Well, been feeling kinda cruddy for the last couple days, running fever, body aches and all that, so I guess I am going to go to the doctor today. I really don't want to go because I don't know that they have something that will just make me better. I hate being sick, however, I know it is probably a good thing because it is the only thing that may slow me down enough to really get some rest. Slept until 10AM this morning, I don't even remember the last time I slept that late, but hey, it felt really good, except for the headache I woke up to.
Weird thing about being sick, for me it usually comes when something is really going good in my life or when the direction or path in which I am heading is exactly where I feel that God is leading. I wonder how many others this happens to? I honestly feel that in most cases this is spiritual warfare. Previously this week I had made some initiating steps towards some things that God has laid on my heart to move into and invest myself. God has been really working through the Holy Spirit to give me some direction in where I need to be involved, where He can most use me and the gifts that He has given me. I love people and honestly over the last couple of years I feel like I have been stagnate and disconnected, but with many thoughts coming about, maybe it was a drawing from the Holy Spirit, I don't know. Anyway, what I do know is that I am now making steps to re-involve myself into life, into ministry, and all with no holds barred. Usually I would say "but" at this point, but no more, there is no "but" in life, I will now press on...fight this fight...get over being sick, and praise God for His protection during this time of being sick. When we are sick, our defenses are down, our desire is diminished, our sinful laziness kicks in and it's almost as if we just take time off not only from work, play, things, but most importantly God. Hence the "but" I mentioned earlier, to say "but" or even think it is to compromise with what we know is right, what we know is best, and ultimately what we know God is prompting us towards. I am excited about the opportunities that God has presented in my life, and I will press on to do this that God has called me to.

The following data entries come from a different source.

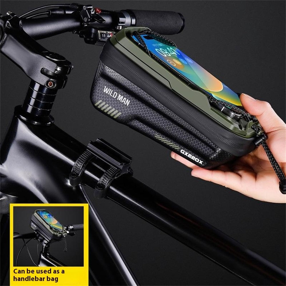 WILD MAN GD50 Bolsa de Cuadro para Bicicleta Rígida EVA 1L – Soporte Giratorio para Teléfono 360° y Fijación Rápida – Verde Ejército
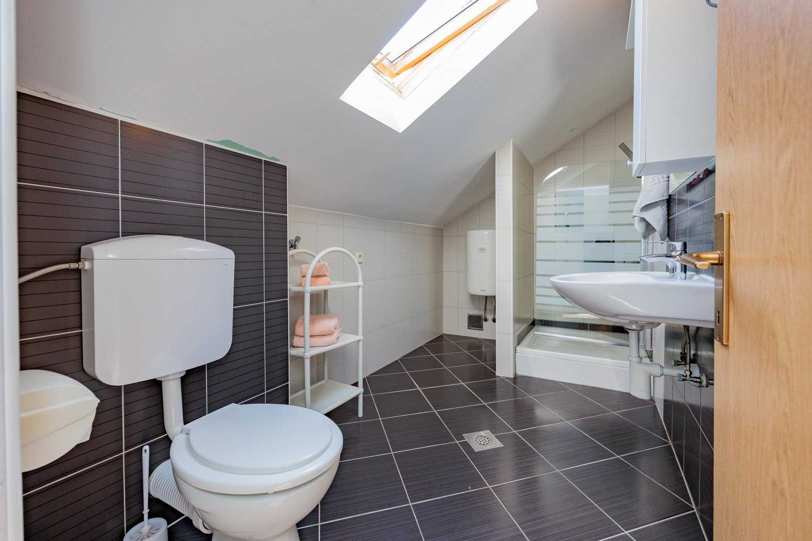 Crowonder Lucky Apartment A5 is in the attic at the top of the building. Guests have 3 bedrooms with double beds, an air-conditioned living room with a sofa and TV, a fully equipped kitchen, and a bathroom with a shower. Detailed information about the equipment and available equipment can be found in the Facility Features section under the property description. The apartment also has a balcony overlooking the Adriatic Sea.
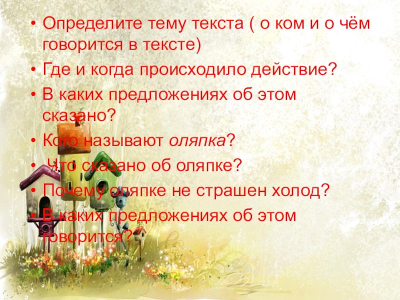 Слайд 3Определите тему текста ( о ком и о чём говорится в
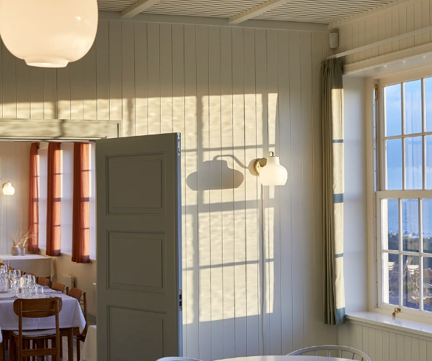 A família de candeeiros VL Ring Crown deriva de um modelo concebido pelo arquiteto Vilhelm Lauritzen para o edifício da emissora pública dinamarquesa em Copenhaga, na década de 1940. As versões de parede e pendente, com o seu formato orgânico característico, foram amplamente utilizadas. Para este projeto, Lauritzen criou também as luminárias VL38 e VL45. A VL Ring Crown nunca chegou a ser instalada no edifício, mas pouco tempo depois, foi lançada uma versão da Ring Crown baseada nos designs originais. (Marca Louis Poulsen)

Another point to make about this warfare is that it comes in many different ways, not only by being sick but also by distractions and things that come about to derail what He is desiring to do in our lives. I was discussing all of this yesterday with a friend and all the events that have come about over the last month or so. I revealed that I do have a fear of being derailed because often in the past I have been and his response was that now is where I can the true grace of God working, but in a different way, not by going back and fixing those things in the past, but rather in a backwards way. He brought up the book I think "The Lion, the Witch, and the Wardrobe" and how the author mentions towards the end of the book that work is sometimes done backwards in our lives, meaning that we have experiences in life from the past where we have failed and this in turn ends up being a reminder when some of those very same "decisions" come to face us again today and later tomorrow...all this to say that the grace comes in through this, where we can see and remember how we once handled a situation and how God uses that NOW to allow us to make the right decision, to choose the right path, to take the stand we needed to stand, and to have the courage and strength to do so. He gives us the opportunity all through grace and while it may seem a difficult situation, the results are never regretful.
I don't know if any of this makes sense to whoever may be reading this, but maybe the sickness is clouding my being able to explain it the best way. Maybe I will post again later today or tonight to reiterate my thoughts. I guess we'll see. Have an intentional and fearless day, to do all that God has put you here for, to workout in fear and trembling, His desire for your life, but knowing with all your heart, that He desires your best, He loves you, and You are here in His image.